Immunosequencing Overview

Revolutionary New Breakthrough in Skincare is Light Therapy for Acne

1 Acne is a bummer. Whether you’re a teenager struggling through puberty or still fighting breakouts in your adulthood, acne can lead to feelings of insecurity and self-doubt. But don’t let blemishes keep you from facing the world with confidence. Today there are more treatment options available than ever, including light therapies that don’t require harsh topical creams that irritate or dry out your skin. Read on to learn how you can achieve great results and get the clear skin you’ve always desired.

 The skincare industry is constantly evolving. Because technology and techniques are always improving .Acne is the medical term for plugged pores of blackheads and whiteheads, pimples, and even deeper lumps of cysts or nodules that occur on the face, neck, chest, back, shoulders and even the upper arms. Pores are connected to the oil glands under your skin by a canal called a follicle. The oil from your glands carries dead skin cells to the surface of your skin and sometimes clumps together to cause a plug. The bacteria in the plug can cause swelling and forms a pimple. Though harmless and not threatening to your health, acne can cause scarring.

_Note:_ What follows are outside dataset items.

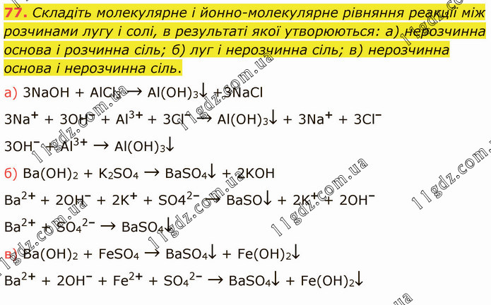 Складіть молекулярне і йонно-молекулярне рівняння реакції між розчинами лугу і солі, в результаті якої утворюються: а) нерозчинна основа і розчинна сіль; б) луг і нерозчинна сіль; в) нерозчинна основа і нерозчинна сіль. a) 3NaOH + AlCl3 → Al(OH)3↓ +3NaCl 3Na+ + 3OH– + Al3+ + 3Cl– → Al(OH)3↓ + 3Na+ + 3Cl– 3OH– + Al3+ → Al(OH)3↓ б) Ba(OH)2 + K2SO4 → BaSO4↓ + 2KOH Ba2+ + 2OH– + 2K+ + SO42– → BaSO↓ + 2K+ + 2OH– Ba2+ + SO42– → BaSO4↓ в) Ba(OH)2 + FeSO4 → BaSO4↓ + Fe(OH)2↓ Ba2+ + 2OH– + Fe2+ + SO42– → BaSO4↓ + Fe(OH)2↓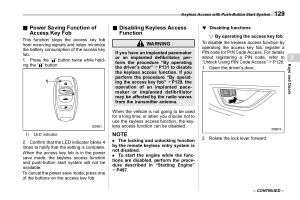 . The locking and unlocking function by the remote keyless entry system is not disabled . . To start the engine while the functions are disabled , perform the procedure described in “ Starting Engine ” FP497 .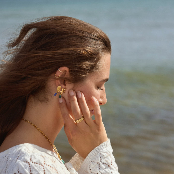 This waterproof, PVD-coated earring is made from 18k gold-plated stainless steel with blue sea glass.
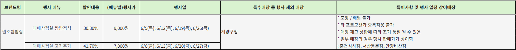 - 행사 기간: 6/5, 6/6, 6/12, 6/13, 6/19, 6/20, 6/26, 6/27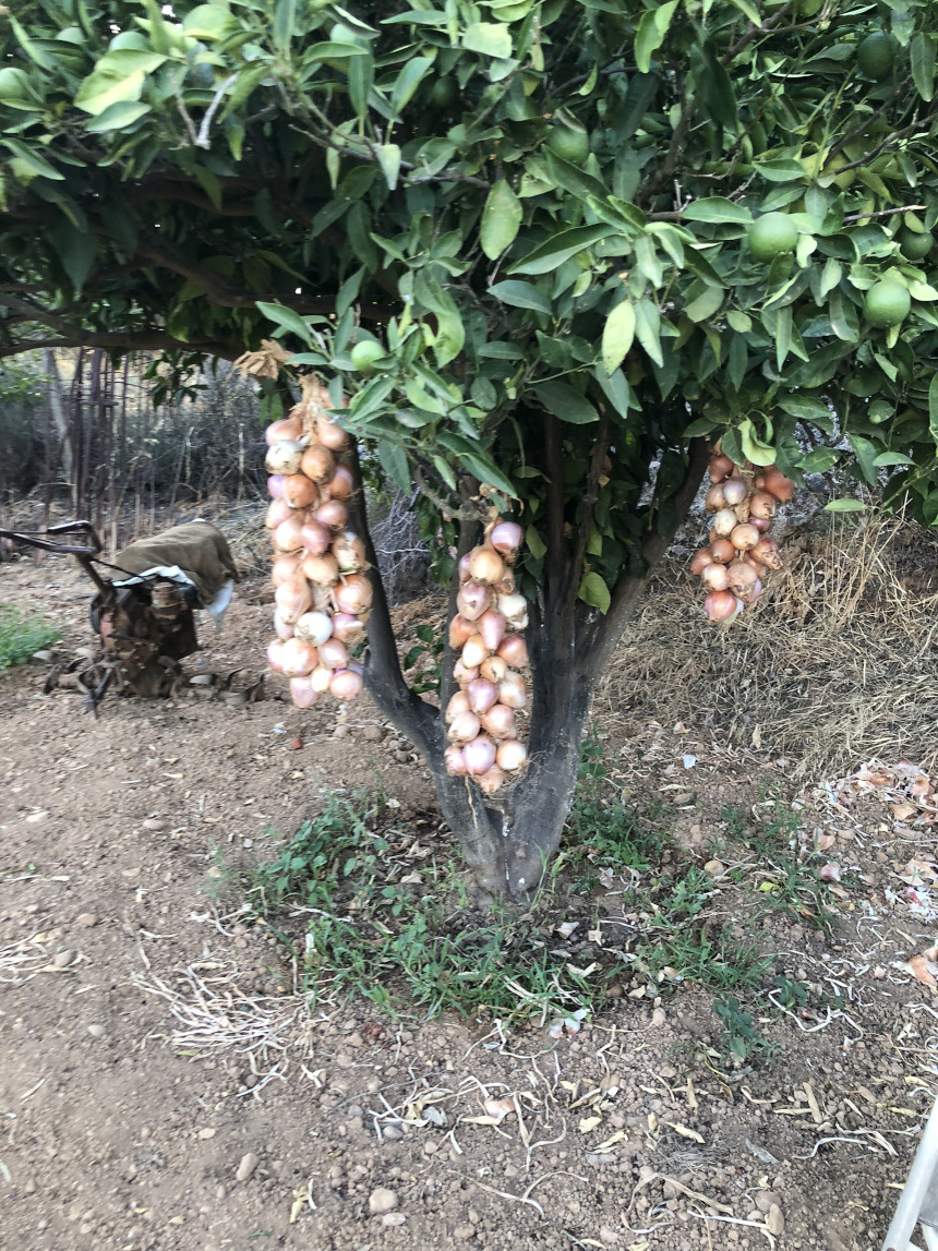Τα φυτά φαίνονται υγιή και γεμάτα καρπούς, υποδηλώνοντας μια επιτυχημένη συγκομιδή. Κοντά, ένα μικρό εσπεριδοειδές δέντρο χρησιμοποιείται για αποθήκευση. Κρεμασμένες από τα κλαδιά του, υπάρχουν όμορφες πλεξούδες από φρεσκοκομμένα κρεμμύδια. Αυτή είναι μια παραδοσιακή μέθοδος για την αποξήρανση και αποθήκευση των κρεμμυδιών σε έναν ξηρό, καλά αεριζόμενο χώρο, βοηθώντας τα να διατηρηθούν για πολλούς μήνες.
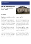 The Slovak minister of education resigned on August 17, a move that is likely part of a deal to- wards putting to bed the recent crisis in the gov- erning coalition.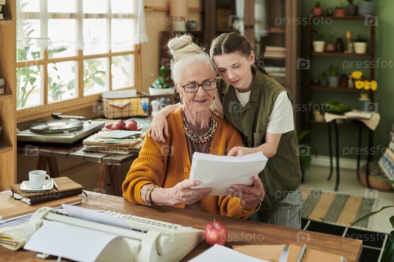 Пожилая женщина читает бумаги с молодой девушкой в уютной комнате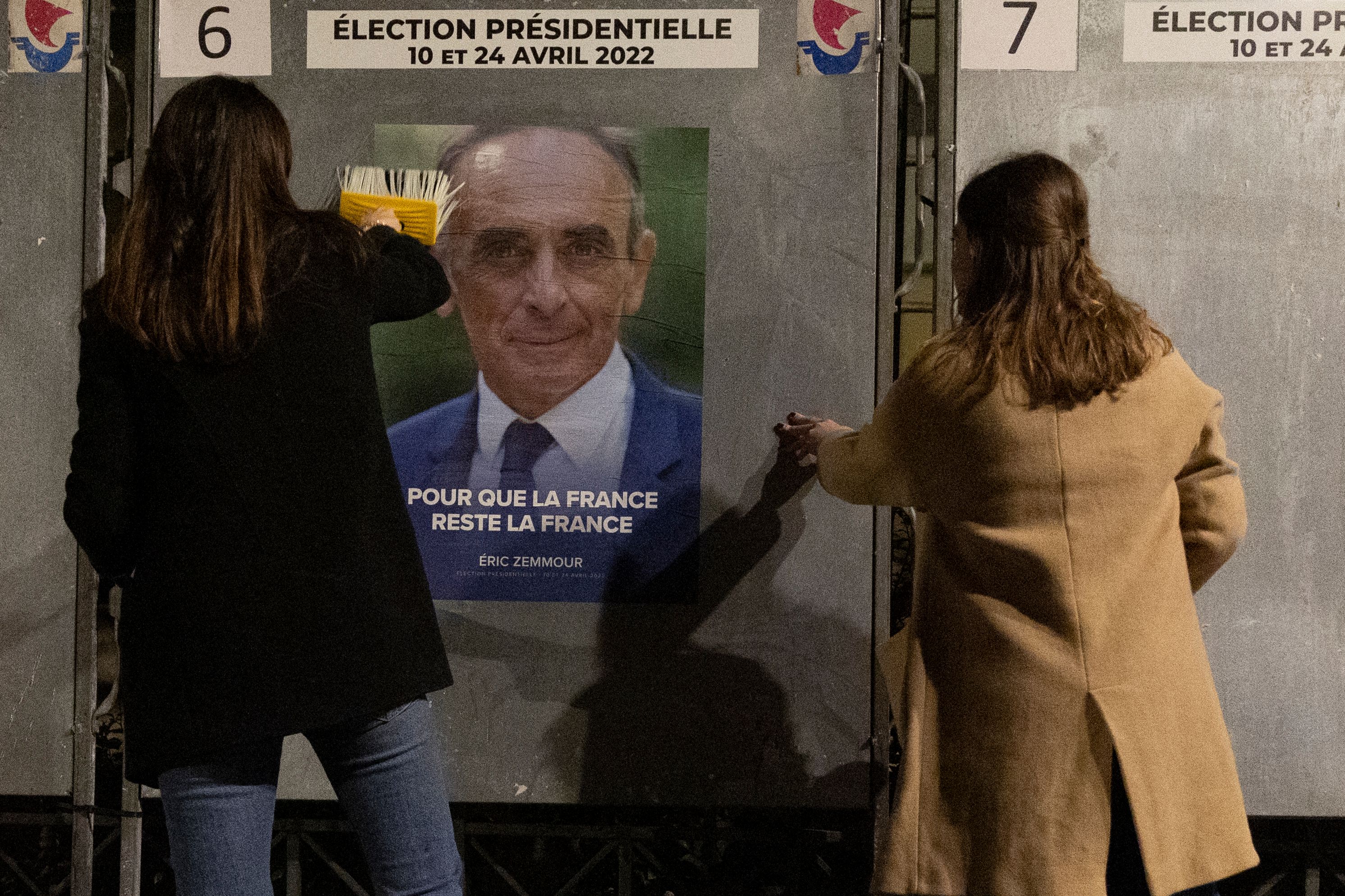 Supporters of far-right presidential candidate Eric Zemmour paste his official campaign poster on electoral billboards in Paris.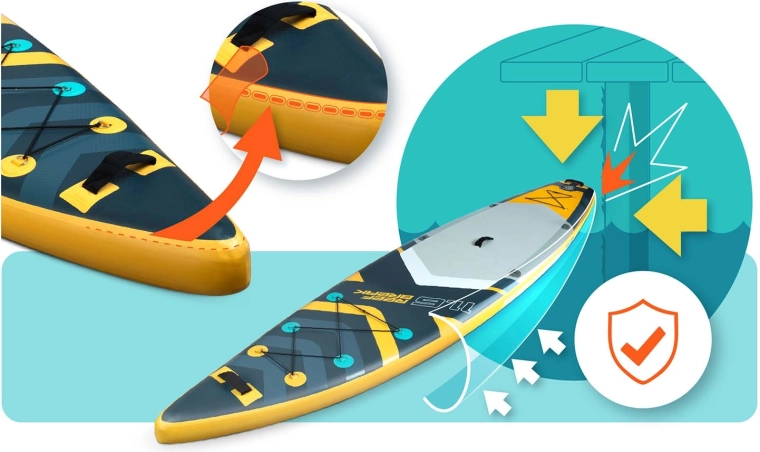 Construcția ușoară, multiplele mânere de prindere și rucsacul rezistent asigură purtare confortabilă. Pompa cu acțiune dublă scurtează timpul de umflare, ca să fii rapid pe apă.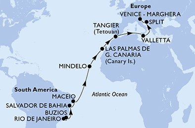 - Rio de Janeiro -> Buzios Brazil -> At Sea -> Salvador Brazil -> Maceio Brazil -> At Sea -> At Sea -> At Sea -> At Sea -> Mindelo Cape Verde -> At Sea -> At Sea -> Las Palmas de G.Canaria (Canary Is.) Spain -> At Sea -> Tangier Morocco -> At Sea -> At Sea -> Valletta Malta -> At Sea -> Split Croatia -> Venice - Marghera Italy

 For acne light therapy is an aid in preventing papules and pustules. When light is focused on skin, it penetrates into various layers and helps kill acne bacteria and reduces inflammation. Light therapy is a pain-free procedure and we can have lasting results when used on a regular basis. There are several FDA-approved products in the market to make acne treatment possible.

 The color of the visible light used in light therapy will determine how deeply it can penetrate your skin. Most dermatologist use red or blue light, or a combination of both to treat acne. Blue light is most commonly used, resulting in about a 60-70% reduction of acne. On the other hand, red light can penetrate your skin more deeply, making it able to reach sebaceous glands. When combined, red and blue light used together can maximize the benefits.